AIM OF THE EXERCISE:
Omit the images and return the remaining entries unchanged.
Start of Block
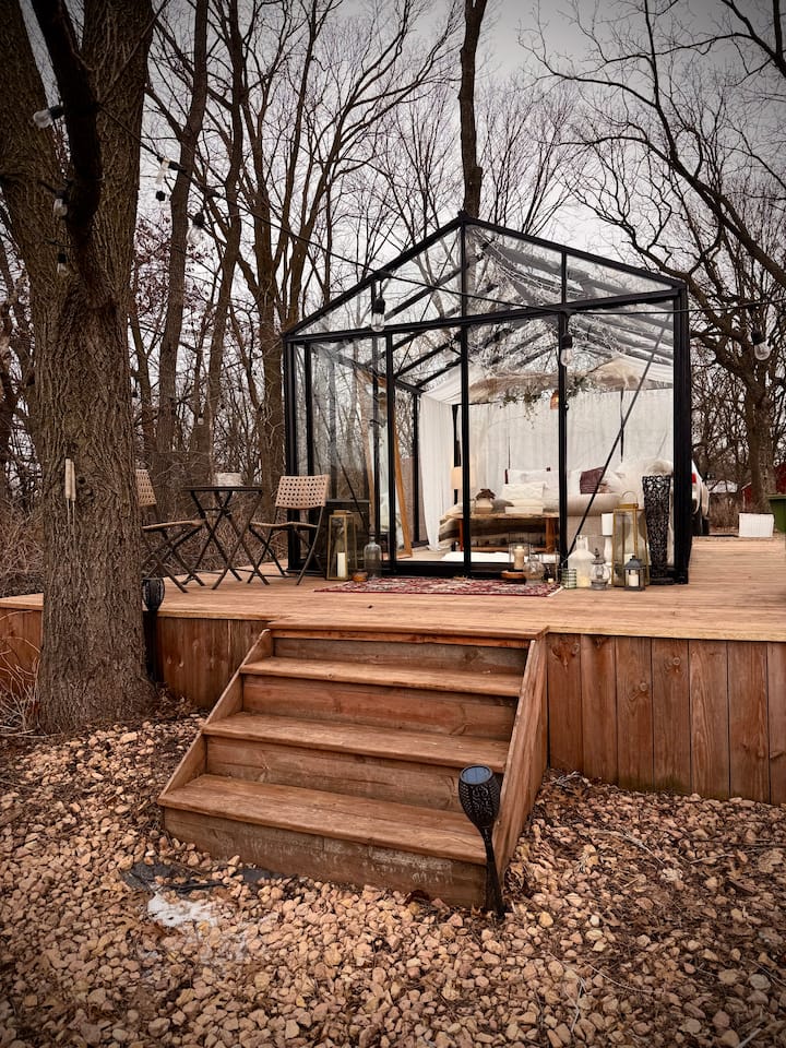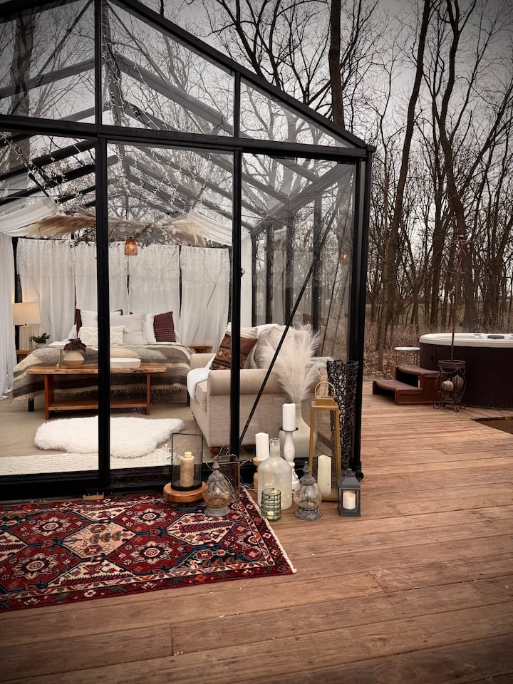 Star Gazing Glass House 4 Season with Hot Tub
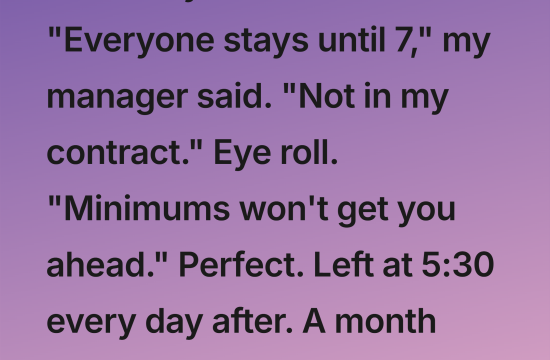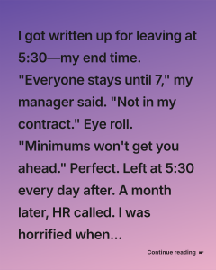 I was written up for leaving at 5:30—my exact contracted end time. My manager called me into her office, visibly annoyed, and said, “Everyone stays until at least 7. It shows commitment.” Her tone made…
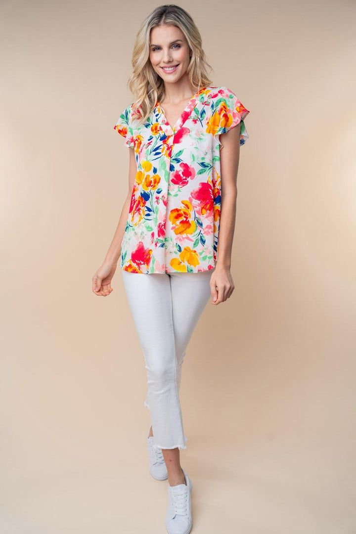 The short sleeve floral woven top is a must-have piece for your wardrobe. This versatile top can be easily dressed up with a blazer and heels for a chic office look, or dressed down with jeans and sneakers for a casual weekend outfit. The floral pattern adds a pop of color and femininity to your ensemble. The short sleeves make it perfect for warmer weather and can be easily layered for cooler days. Embrace the beauty of nature with this lovely floral woven top. Elevate your style with this effortlessly chic piece! Features: Ruffled Sheer: Opaque Stretch: Slightly stretchy Material composition: 95% polyester, 5% spandex Care instructions: Machine wash cold. Tumble dry low. Imported Product measurements: S: bust 30 in, length 25 in, sleeve (with shoulder) 10 in M: bust 32 in, length 25 in, sleeve (with shoulder) 10 in L: bust 34 in, length 26 in, sleeve (with shoulder) 11 in XL: bust 36 in, length 26 in, sleeve (with shoulder) 11 in 1XL: bust 38 in, length 27 in, sleeve (with shoulder) 11.5 in 2XL: bust 40 in, length 27 in, sleeve (with shoulder) 11.5 in 3XL: bust 42 in, length 28 in, sleeve (with shoulder) 12 in
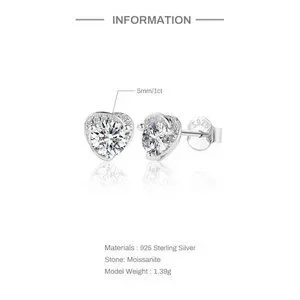 Certified 1ct. t.w. Moissanite Diamond Heart Halo Stud Earrings NEW
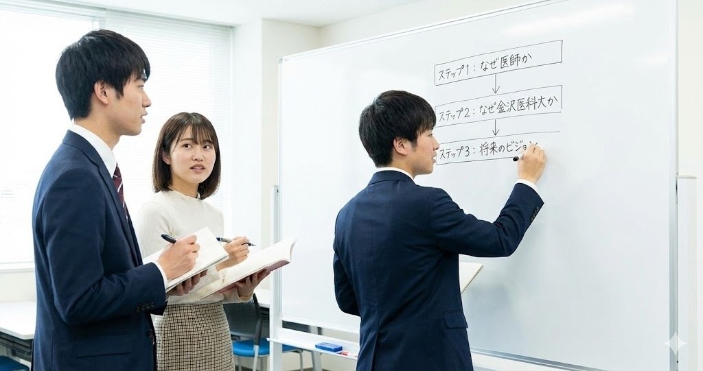 まず「なぜ医師か」という根本の動機を明確にします。これは金沢医科大学に限らずどの医学部でも問われる部分ですが、ここで大切なのは具体的なエピソードと結びつけることです。「人の役に立ちたいから」という漠然とした理由ではなく、自分の経験(家族の病気、ボランティア活動、医療現場の見学等)から「医師という職業でなければ実現できない目標」を導き出しましょう。
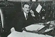 In late 1924 Oreja was first admitted by Alfonso XIII[57] and then nominated civil governor of the Santander province.[58] He served at this role for 26 months, until early 1927.[59] Little is known of his tenure; in historiography it did not attract attention,[60] while contemporary press reported mostly routine duties. Apart from usual admin tasks he was noted as engaged in primoderiverista propaganda[61] and remained busy building the Union Patriótica structures in Cantabria;[62] by virtue of his governor role he presided over the provincial Caridad de Santander.[63] Newspapers hailed him as the administrator who enforced high moral standards and fought pornography.[64] Oreja enjoyed excelled relations with the court and was twice admitted by the ruler in 1926.[65] His photos were published in numerous magazines when in 1926 Alfonso XIII inaugurated the automated Telefónica Nacional phone switchboard by placing a call to Oreja's office in Santander.[66]
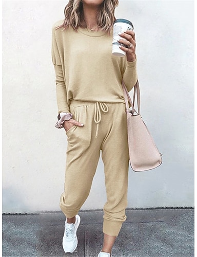 Damen-Schlafanzug, Pyjama-Oberteil und -Hosen-Set, einfarbig, modisch, lässig, weich, für zu Hause, für den Alltag, atmungsaktiv, Rundhalsausschnitt, langärmeliges T-Shirt, Hosentasche, elastische
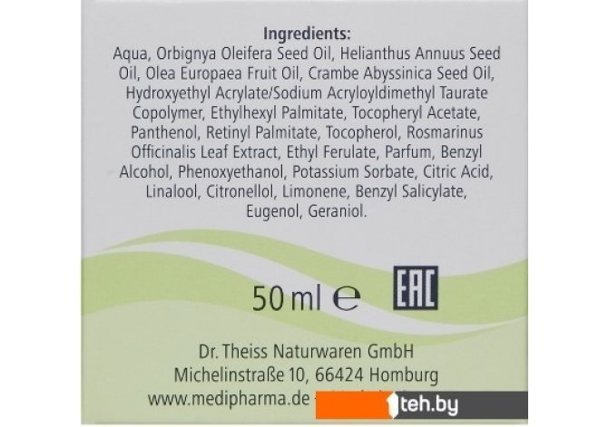 | Состав | Aqua, Orbignya Oleifera Seed Oil, Olea Europaea Fruit Oil, Crambe Abyssinica Seed Oil, Hydroxyethyl Acrylate/Sodium Acryloyldimethyl Taurate Copolymer, Ethylhexyl Palmitate, Helianthus Annuus Seed Oil, Tocopheryl Acetate, Panthenol, Retinyl Palmitate, Tocopherol, Rosmarinus Officinalis Leaf Extract, Disodium Uridine Phosphate, Parfum, Ethyl Ferulate, Polyglyceryl-5 Trioleate, Benzyl Alcohol, Phenoxyethanol, Potassium Sorbate, Citric Acid, Butylphenyl Methylpropional, Linalool, Citronellol, Limonene, Benzyl Salicylate, Eugenol, Geraniol |
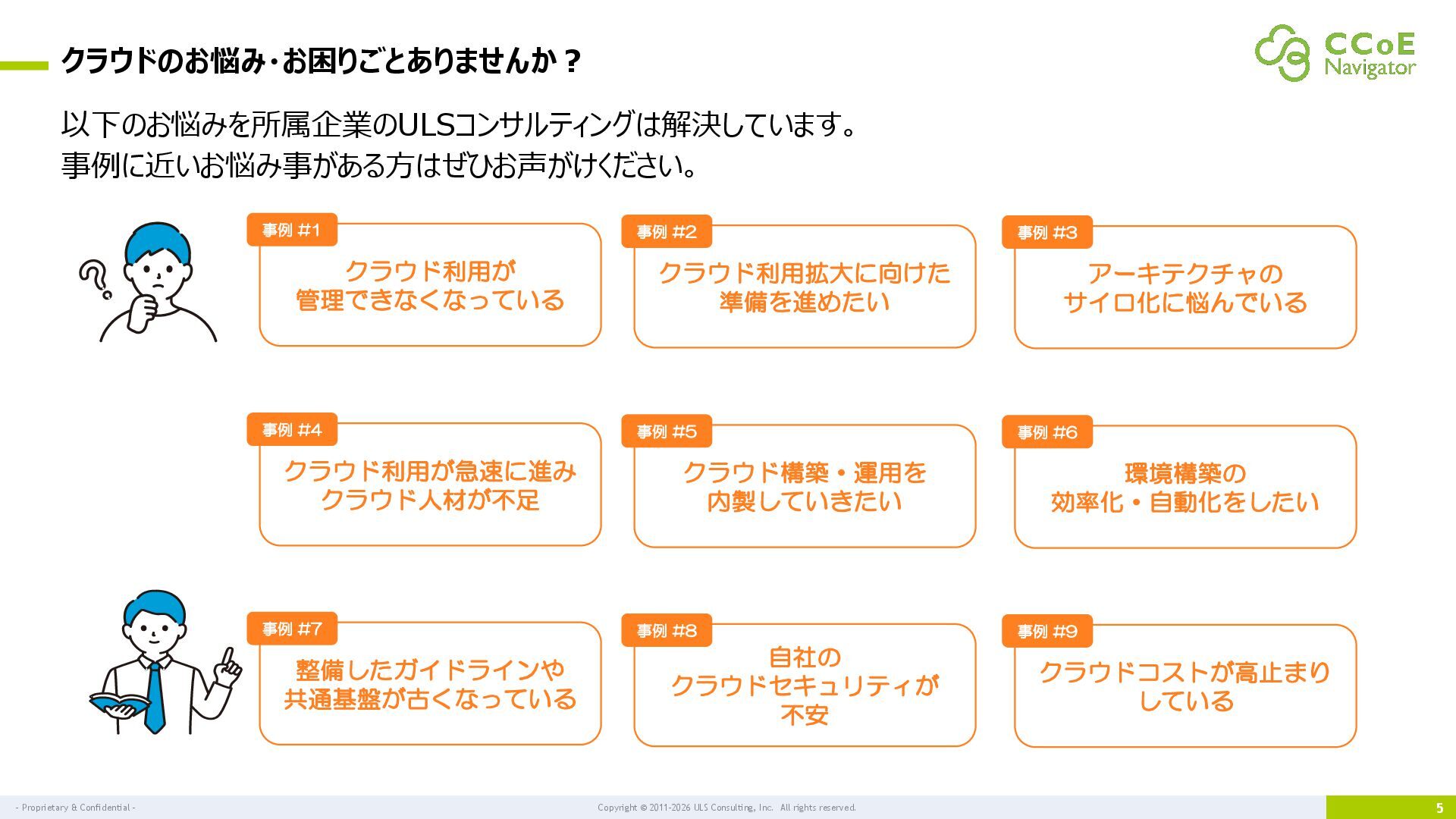 Proprietary & Confidential - 5 以下のお悩みを所属企業のULSコンサルティングは解決しています。 事例に近いお悩み事がある⽅はぜひお声がけください。 クラウドのお悩み・お困りごとありませんか︖ クラウド利用が 管理できなくなっている 事例 #1 クラウド利用拡大に向けた 準備を進めたい 事例 #2 アーキテクチャの サイロ化に悩んでいる 事例 #3 クラウド利用が急速に進み クラウド人材が不足 事例 #4 クラウド構築・運用を 内製していきたい 事例 #5 環境構築の 効率化・自動化をしたい 事例 #6 整備したガイドラインや 共通基盤が古くなっている 事例 #7 自社の クラウドセキュリティが 不安 事例 #8 クラウドコストが高止まり している 事例 #9
End of Block
RESULT OF THIS EXERCISE:
 Star Gazing Glass House 4 Season with Hot Tub
 I was written up for leaving at 5:30—my exact contracted end time. My manager called me into her office, visibly annoyed, and said, “Everyone stays until at least 7. It shows commitment.” Her tone made…
 The short sleeve floral woven top is a must-have piece for your wardrobe. This versatile top can be easily dressed up with a blazer and heels for a chic office look, or dressed down with jeans and sneakers for a casual weekend outfit. The floral pattern adds a pop of color and femininity to your ensemble. The short sleeves make it perfect for warmer weather and can be easily layered for cooler days. Embrace the beauty of nature with this lovely floral woven top. Elevate your style with this effortlessly chic piece! Features: Ruffled Sheer: Opaque Stretch: Slightly stretchy Material composition: 95% polyester, 5% spandex Care instructions: Machine wash cold. Tumble dry low. Imported Product measurements: S: bust 30 in, length 25 in, sleeve (with shoulder) 10 in M: bust 32 in, length 25 in, sleeve (with shoulder) 10 in L: bust 34 in, length 26 in, sleeve (with shoulder) 11 in XL: bust 36 in, length 26 in, sleeve (with shoulder) 11 in 1XL: bust 38 in, length 27 in, sleeve (with shoulder) 11.5 in 2XL: bust 40 in, length 27 in, sleeve (with shoulder) 11.5 in 3XL: bust 42 in, length 28 in, sleeve (with shoulder) 12 in
 Certified 1ct. t.w. Moissanite Diamond Heart Halo Stud Earrings NEW
 まず「なぜ医師か」という根本の動機を明確にします。これは金沢医科大学に限らずどの医学部でも問われる部分ですが、ここで大切なのは具体的なエピソードと結びつけることです。「人の役に立ちたいから」という漠然とした理由ではなく、自分の経験(家族の病気、ボランティア活動、医療現場の見学等)から「医師という職業でなければ実現できない目標」を導き出しましょう。
 In late 1924 Oreja was first admitted by Alfonso XIII[57] and then nominated civil governor of the Santander province.[58] He served at this role for 26 months, until early 1927.[59] Little is known of his tenure; in historiography it did not attract attention,[60] while contemporary press reported mostly routine duties. Apart from usual admin tasks he was noted as engaged in primoderiverista propaganda[61] and remained busy building the Union Patriótica structures in Cantabria;[62] by virtue of his governor role he presided over the provincial Caridad de Santander.[63] Newspapers hailed him as the administrator who enforced high moral standards and fought pornography.[64] Oreja enjoyed excelled relations with the court and was twice admitted by the ruler in 1926.[65] His photos were published in numerous magazines when in 1926 Alfonso XIII inaugurated the automated Telefónica Nacional phone switchboard by placing a call to Oreja's office in Santander.[66]
 Damen-Schlafanzug, Pyjama-Oberteil und -Hosen-Set, einfarbig, modisch, lässig, weich, für zu Hause, für den Alltag, atmungsaktiv, Rundhalsausschnitt, langärmeliges T-Shirt, Hosentasche, elastische
 | Состав | Aqua, Orbignya Oleifera Seed Oil, Olea Europaea Fruit Oil, Crambe Abyssinica Seed Oil, Hydroxyethyl Acrylate/Sodium Acryloyldimethyl Taurate Copolymer, Ethylhexyl Palmitate, Helianthus Annuus Seed Oil, Tocopheryl Acetate, Panthenol, Retinyl Palmitate, Tocopherol, Rosmarinus Officinalis Leaf Extract, Disodium Uridine Phosphate, Parfum, Ethyl Ferulate, Polyglyceryl-5 Trioleate, Benzyl Alcohol, Phenoxyethanol, Potassium Sorbate, Citric Acid, Butylphenyl Methylpropional, Linalool, Citronellol, Limonene, Benzyl Salicylate, Eugenol, Geraniol |
 Proprietary & Confidential - 5 以下のお悩みを所属企業のULSコンサルティングは解決しています。 事例に近いお悩み事がある⽅はぜひお声がけください。 クラウドのお悩み・お困りごとありませんか︖ クラウド利用が 管理できなくなっている 事例 #1 クラウド利用拡大に向けた 準備を進めたい 事例 #2 アーキテクチャの サイロ化に悩んでいる 事例 #3 クラウド利用が急速に進み クラウド人材が不足 事例 #4 クラウド構築・運用を 内製していきたい 事例 #5 環境構築の 効率化・自動化をしたい 事例 #6 整備したガイドラインや 共通基盤が古くなっている 事例 #7 自社の クラウドセキュリティが 不安 事例 #8 クラウドコストが高止まり している 事例 #9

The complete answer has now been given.